Als jener tatsächlich kurz vor Mitternacht zum vereinbarten Ort kam, wurde er sofort attackiert. Ein 49-jähriger Mann wurde vom Balkon seiner Wohnung aus Augenzeuge des Überfalls: Er habe gesehen, dass zwei Männer immer wieder auf ihr am Boden liegendes Opfer eingeschlagen hätten. Jedoch sei er zu weit entfernt gewesen, um die Täter genau identifizieren zu können.

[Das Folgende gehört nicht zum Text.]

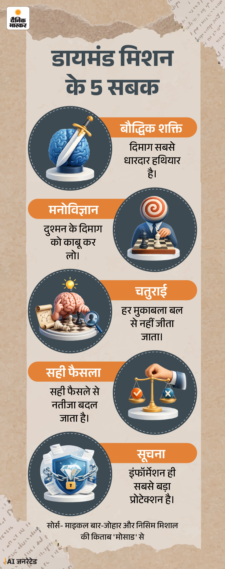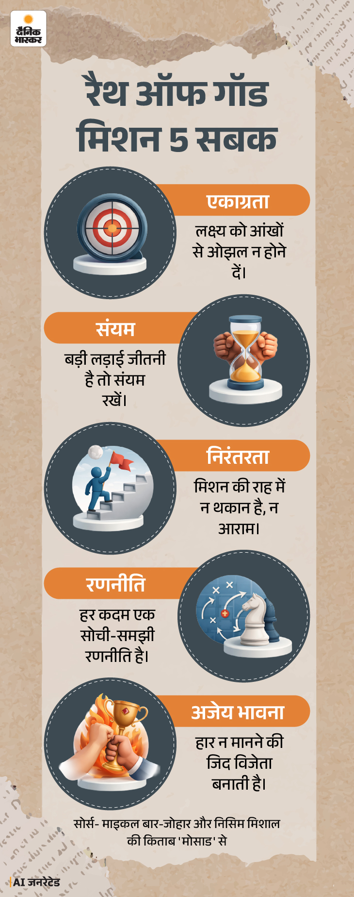 इजराइल के प्रसिद्ध लेखक माइकल बार-जोहार और निसिम मिशाल ने खुफिया एजेंसी ‘मोसाड’ के सीक्रेट मिशन्स की कहानियां लिखी हैं। यह सिर्फ जासूसी कहानियों का संग्रह नहीं है, बल्कि यह साहस, रणनीति और धैर्य का जीवंत दस्तावेज है। इसकी लेखन शैली इतनी प्रभावशाली है कि हर मिशन एक थ्रिलर फिल्म जैसा लगता है।
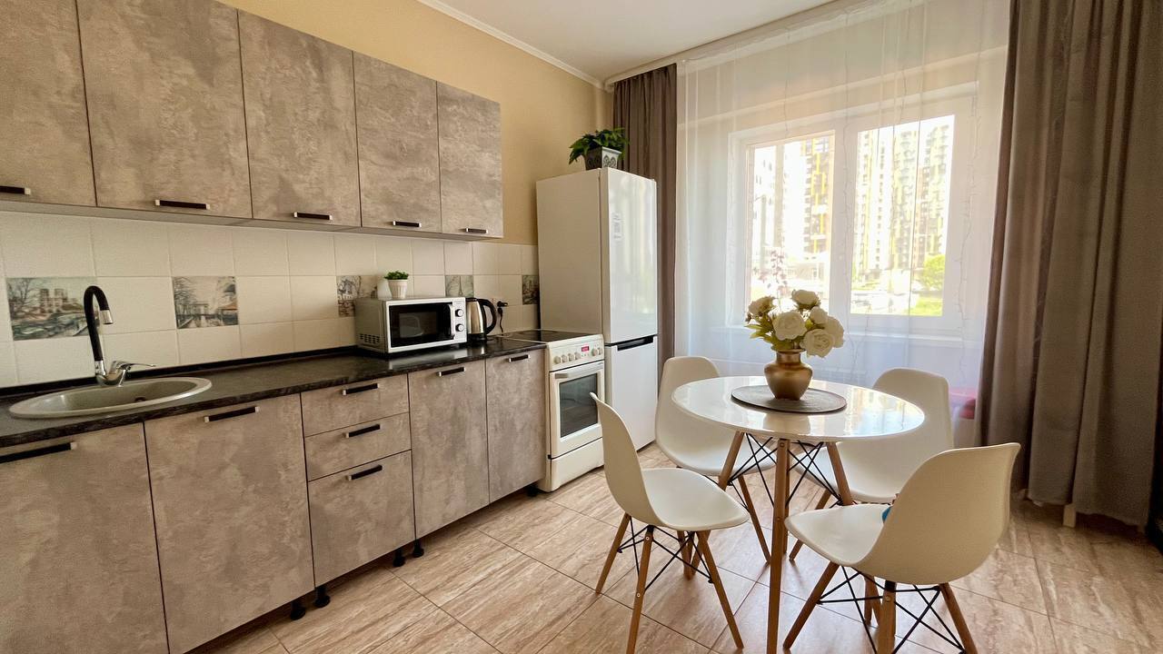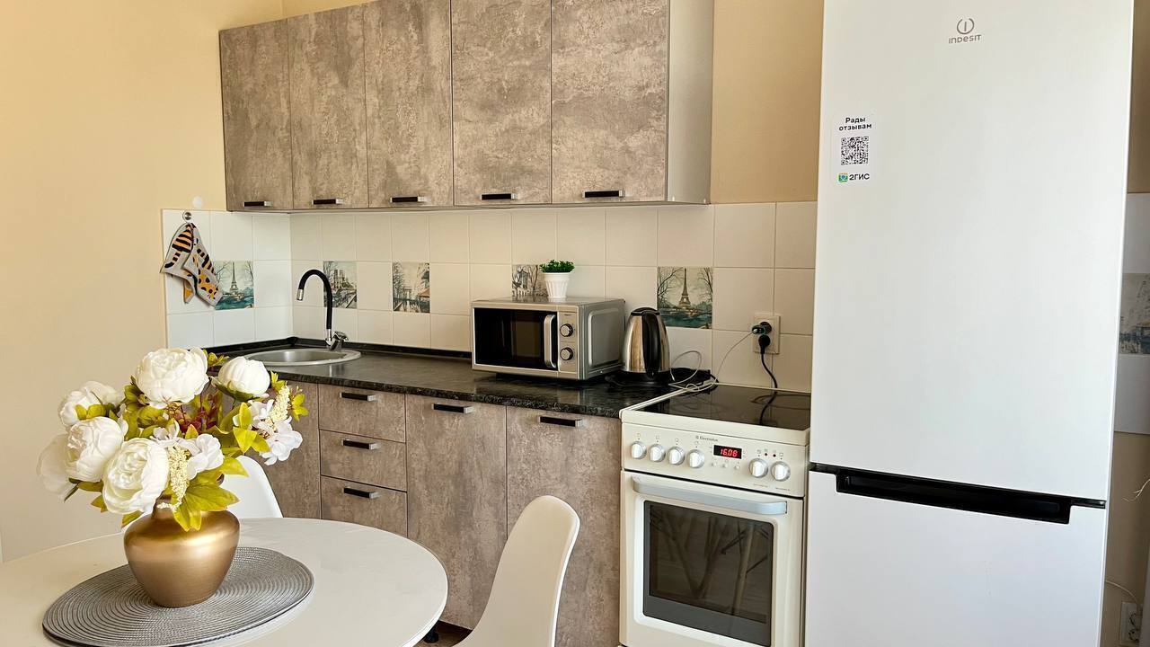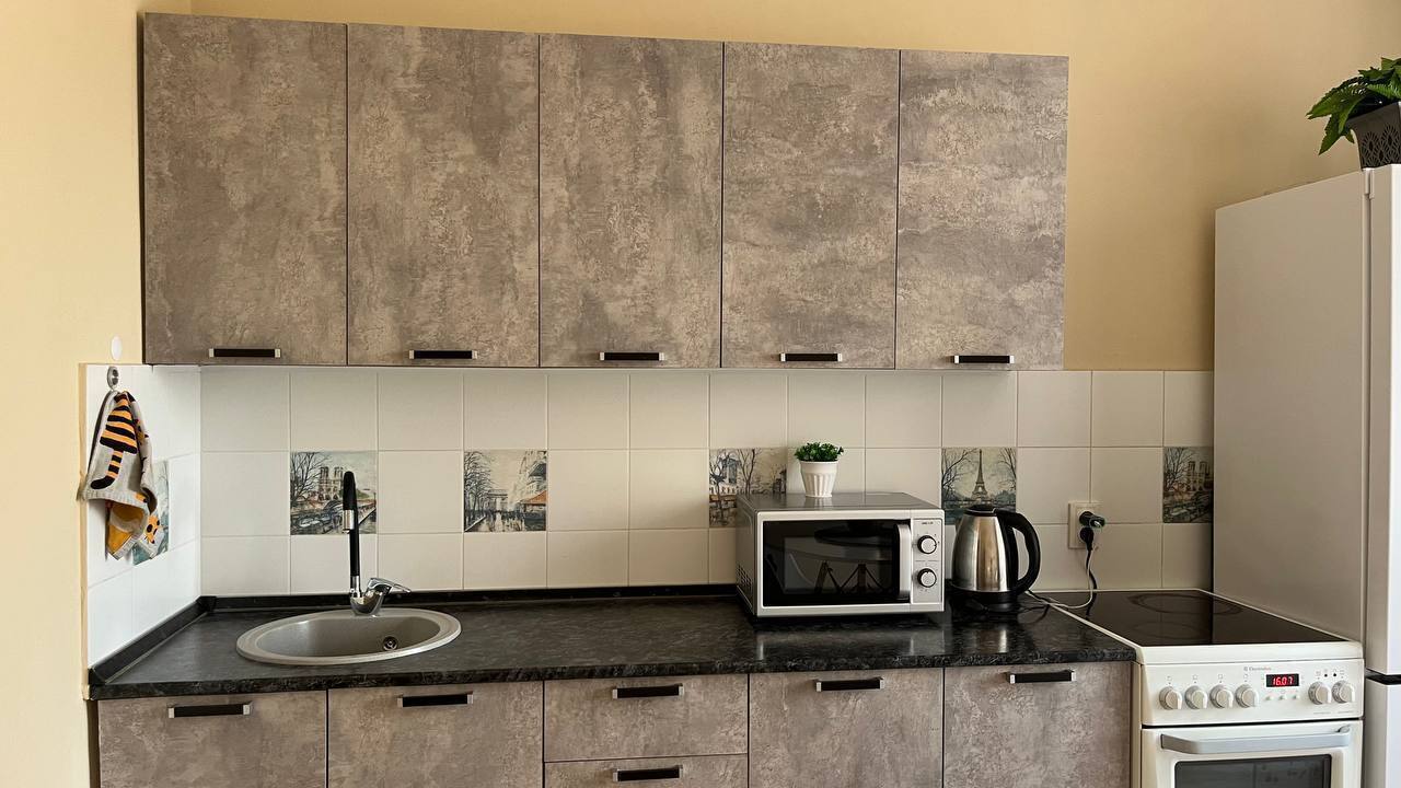 – На кухне у нас также есть все необходимое, включая плиту, духовой шкаф, холодильник, микроволновую печь, чайник и полный набор посуды.
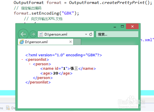 運(yùn)行程序,我們可以使用瀏覽器或文本編輯器打開XML文件,結(jié)果如下圖所示。如下圖所示,在person節(jié)點(diǎn)下面創(chuàng)建了name節(jié)點(diǎn)和age節(jié)點(diǎn),同時(shí)給name節(jié)點(diǎn)一個(gè)id屬性,值為1。
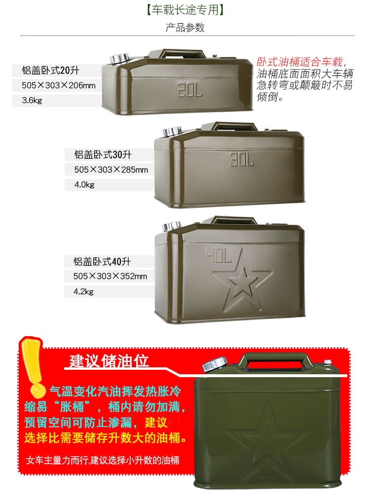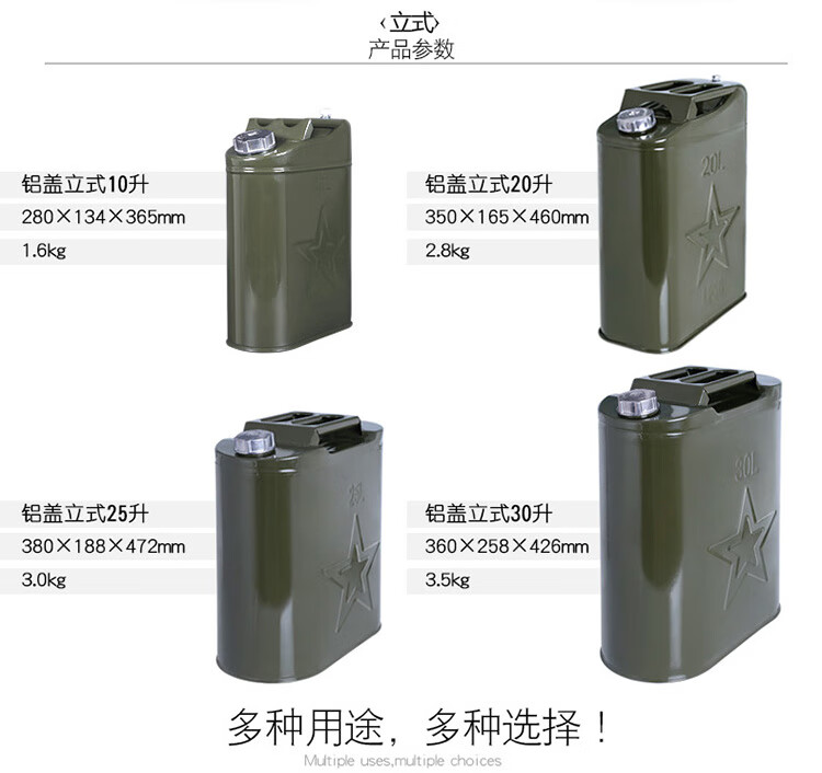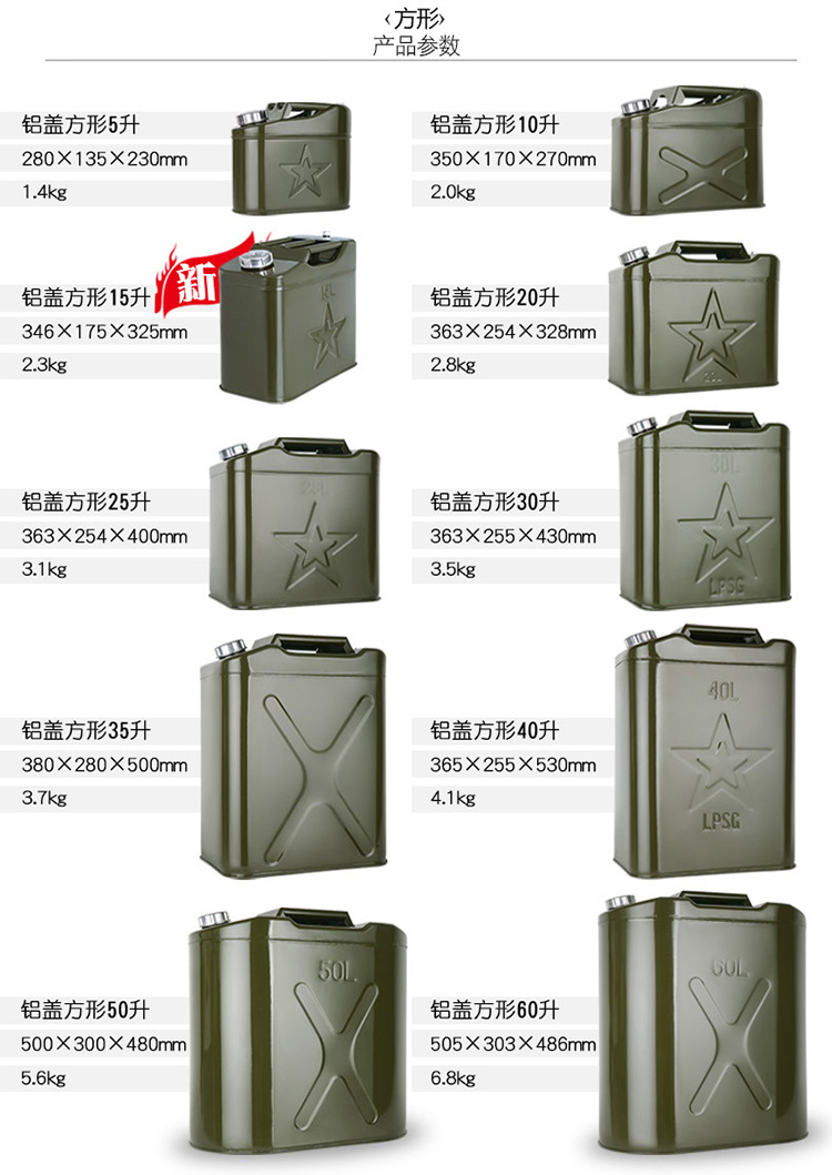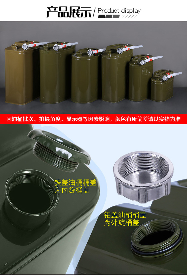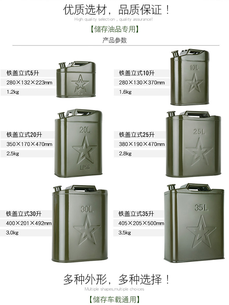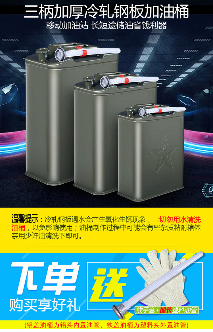 绿简堂加厚汽油桶多规格大容量柴油壶铁油桶加油气油桶装油桶油箱 5L铁盖立式+油管

Das Opfer selbst, das zur Zeit eine Freiheitsstrafe in Stralsund absitzt, versicherte jedoch, dass er von mehr als nur von zwei Personen überfallen und misshandelt worden sei. Wer die anderen mit Springerstie- feln und Bomberjacken ausgestatteten Angreifer waren, habe er indes nicht mitbekommen. Warum er Ziel des brutalen Überfalls geworden ist, "weiß ich noch immer nicht", sagte er aus. Es gebe da keine Vorgeschichte, wehrte er sich gegen den Vorwurf, mit Rauschgift gedealt zu haben. Zwei Wochen habe er nach dem Vorfall im Krankenhaus zubringen müssen.

Letzte Chance

Für Staatsanwaltschaft wie Richter war die Angelegenheit nach der Beweisaufnahme eindeutig: Der Vorwurf der gefährlichen Körperverletzung habe sich durch das Geständnis der Angeklagten und die Zeugenaussagen bestätigt, fasste der Anklagevertreter zusammen.
Dass die Täter mit einer Bewährungsstrafe davonkommen, ist für sie sozusagen eine letzte Chance; immerhin ist der 23-Jährige bereits vorbestraft. Werden die Männer während ihrer insgesamt dreijährigen Bewährungszeit wieder straffällig, droht ihnen ein Gefängnisaufenthalt, redete Dräger ihnen ins Gewissen. Zudem erlegte er ihnen gemeinnützige Arbeit auf: 100 Stunden für den Jüngeren und 200 Stunden für den Älteren.